Troleo de Putin no se trata solo de misiles: Leonid Bershidsky

Leonid Bershidski

(Bloomberg) -- La oferta del presidente Vladimir Putin de vender sistemas de defensa aérea rusos a Arabia Saudita es algo más que un mero troleo, a pesar de que provocó la risa del presidente de Irán, Hassan Rouhani. Putin trataba de persuadir a todo el Medio Oriente de que trabajar con él es más efectivo que cooperar con Estados Unidos.

Esto podría considerarse como una especie de oferta de protección al estilo de la mafia: el gángster nuevo y más agresivo del barrio presenta su oferta porque el actual rey de las calles se ha vuelto perezoso y reacio al riesgo.

El lunes, Putin visitó Ankara para conversar sobre el conflicto sirio con Rouhani y el presidente turco, Recep Tayyip Erdogan. Hizo todo lo posible para mezclarse, al hacer constantes referencias al Corán y a las tradiciones musulmanas.

"El Sagrado Corán dice que la violencia solo es aceptable cuando defiendes a tus parientes", dijo Putin en una conferencia de prensa después de la cumbre. "Por lo tanto, estamos dispuestos a proporcionar ayuda a Arabia Saudita para defender a sus parientes, su país". Los saudíes deberían "tomar una decisión sabia y estadista", sugirió, y comprar sistemas de defensa aérea S-300 como lo hizo Irán, o el S-400 más moderno que Turquía compró recientemente. "Protegerán de manera confiable cualquier infraestructura de Arabia Saudita", dijo Putin, respecto al reciente ataque con aviones no tripulados a las refinerías sauditas.

El conocimiento coránico de Putin es un tanto dudoso (el libro sagrado islámico en realidad permite a los musulmanes defenderse cuando son atacados, no solo al proteger a los "parientes"), pero Rouhani estuvo dispuesto a dejarlo pasar. Le preguntó a Putin con curiosidad qué sistema recomendaría a los sauditas: el S-300 o el S-400. "Dejemos que ellos elijan", respondió Putin.

En realidad, es el S-400 que Rusia ha tratado de vender a Arabia Saudita, sin éxito hasta ahora. También ha ofrecido los misiles a Catar. Ni el S-300 ni el S-400 registran ningún uso real de combate. Teóricamente, y como se ve en los ejercicios, son armas poderosas. Pero ni siquiera el sirio Bashar Al-Assad, que ha tenido algunas oportunidades de usar los S-300 que recibió de Rusia el año pasado, lo ha hecho.

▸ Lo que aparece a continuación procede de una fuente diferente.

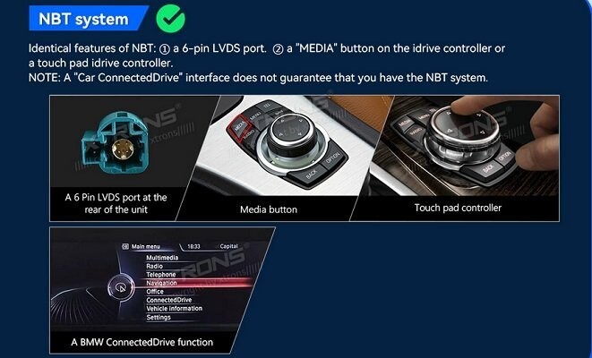 1. NBT systém :Identické vlastnosti NBT: ① 6pinový LVDS port. ② tlačítko „MEDIA“ na ovladači idrive nebo dotykovém ovladači idrive.

El sentido de adquirir estos sistemas no apunta tanto a derribar aviones y misiles enemigos, sino a ofrecer el apoyo de Rusia en caso de crisis. Para eso, Erdogan, cuyo país es miembro de la Organización del Tratado del Atlántico Norte, ha estado dispuesto a vivir con la amenaza de las sanciones estadounidenses e incluso a perder el acceso a los aviones de combate F-35 fabricados en EE.UU.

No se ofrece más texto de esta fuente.